The inference is using observation and background to reach a logical conclusion.
You probably practice inference every day. For example, if you see someone eating a portion of new food and he or she makes a face, then you infer he does not like it. Or if someone slams a door, you can infer that she is upset about something.
Generalized Linear Models take the information that data give us and portion it out into two major parts: information that can be accounted for by our model, and information that can’t be.
There are many types of GLMS, one is Linear Regression, which can also provide a prediction for our data.
It uses continuous data. Here is the formula:
What is a Linear Regression after all?
The general goal of regression is to develop an equation that best describes the relationship between variables.
A regression line is a straight line that’s as close as possible to all the data points at once.
That means that it’s the one straight line that minimizes the sum of the squared distance of each point to the line.
Let me try to convey this idea better.
Let’s consider data so if only one variable to begin with the best fit line (e.g. production hour at fixed intervals):
As you may guess the best fit line is the average line:
Now let’s squared the errors out and take the sum of them all:
Now, what if I move the Average Line (red) a bit up? 45 instead.
Even if I shift that up by just a mere 5 units (45–40) by squaring the error that the effects drastically change 65 units (153–88).
That’s it! The goal of the regression is to find the line that best describes our data, by minimizing the Sum of Square Error (SEE).
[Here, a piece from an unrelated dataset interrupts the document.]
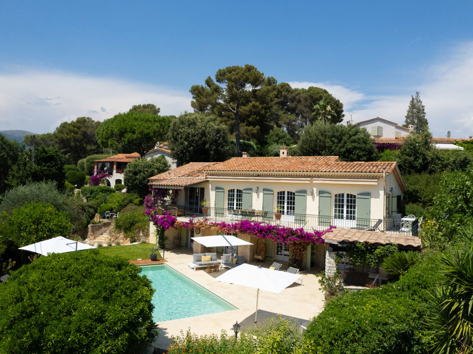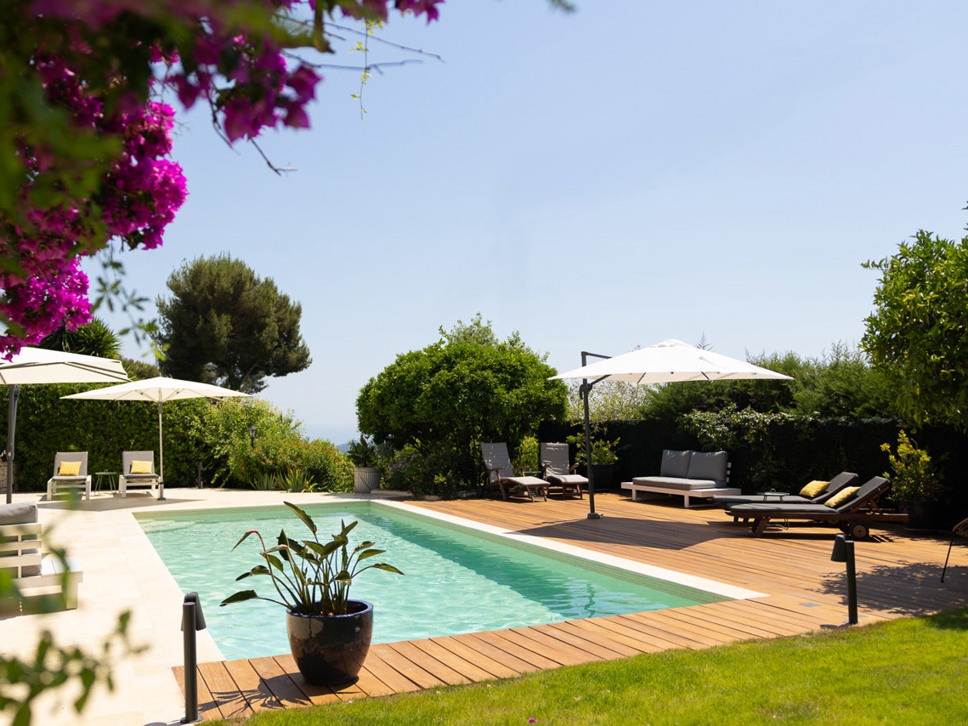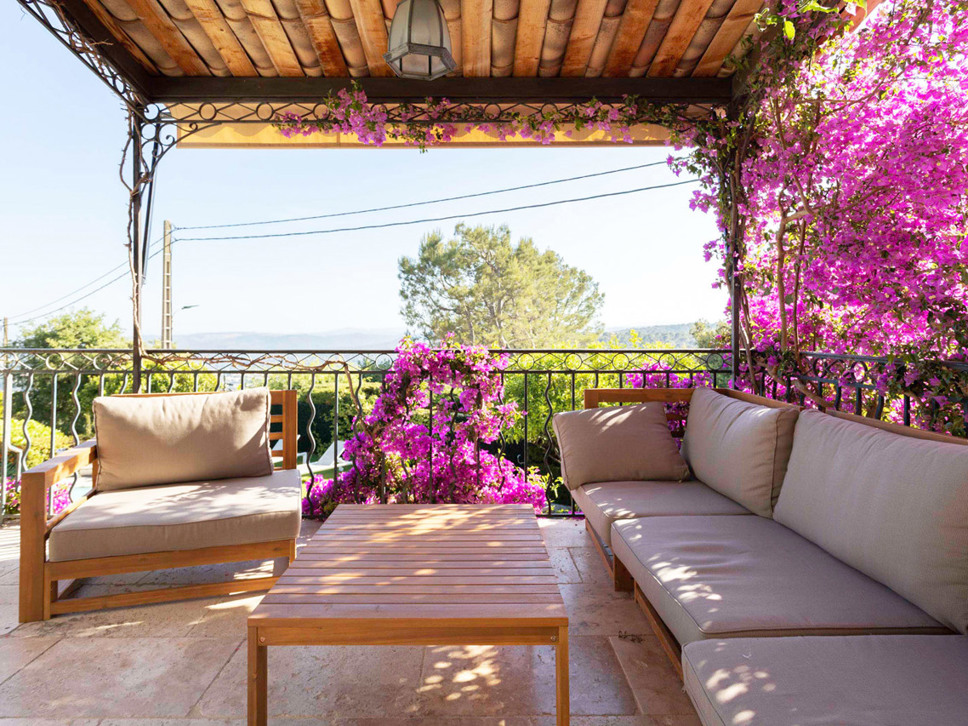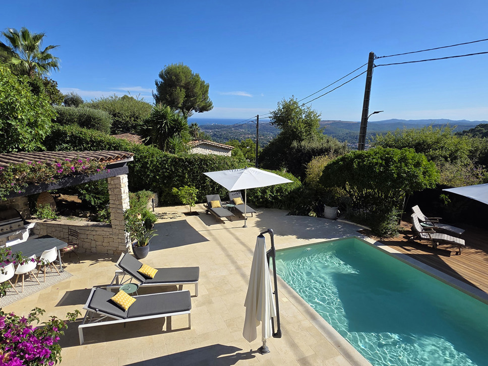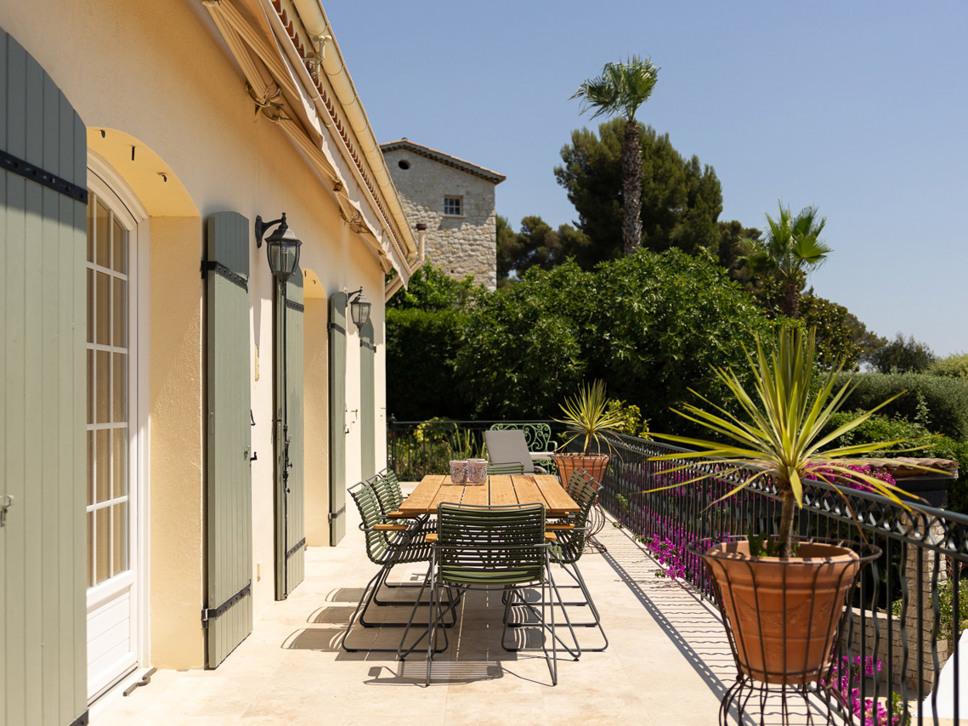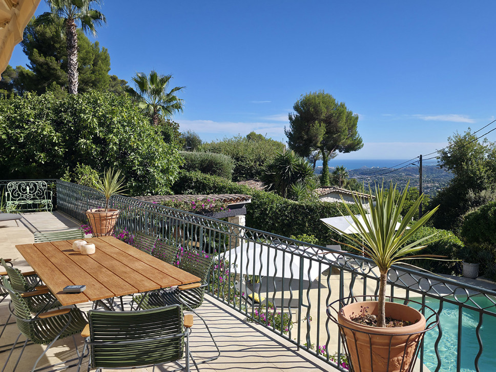 De villa biedt over de gehele breedte van de woning een mooi terras. Het uitzicht is over de vallei van Vence richting Middellandse Zee. Cap d’Antibes is vanuit de hele woonverdieping en keuken te zien.

Fortunately, we don’t have to rely on trial-and-error… actually you can now with GeoGebra: https://www.geogebra.org/m/B7JtA6Mg
We did with only one variable to calculate the mean but if you are dealing with two variables you’re not going to do that so directly.
We have to use algebra!
We need a system of the equation that can solve the line that best fits for two variables for regression (or even more for multiple regression…).
Recall that the equation for the line follows the formula:
y = mx + bWhere: m is the slope of the line
b is where the line crosses the y-axis when x=0 (y-intercept)
In linear regression, where we try to formulate the relationship between variables, the y = mx + b becomes:
Our goal is to predict the value of the dependant variable (y) based on that independent variable (x).
How to derive b1 and b0?
Let’s get down to practice!
A manager wants to find the relationship between the number of hours that a plant is operational in a week and weekly production.
Here the independent variable x is hours of operation, and the dependent variable y is production volume.
The manager develops the following table:
x - y
-- --
34 - 102
35 - 109
39 - 137
42 - 148
43 - 150
47 - 158production Hour (x) - Production Volume (y)
Here are all the calculations by hand (SSE, SSR SST, and R²)…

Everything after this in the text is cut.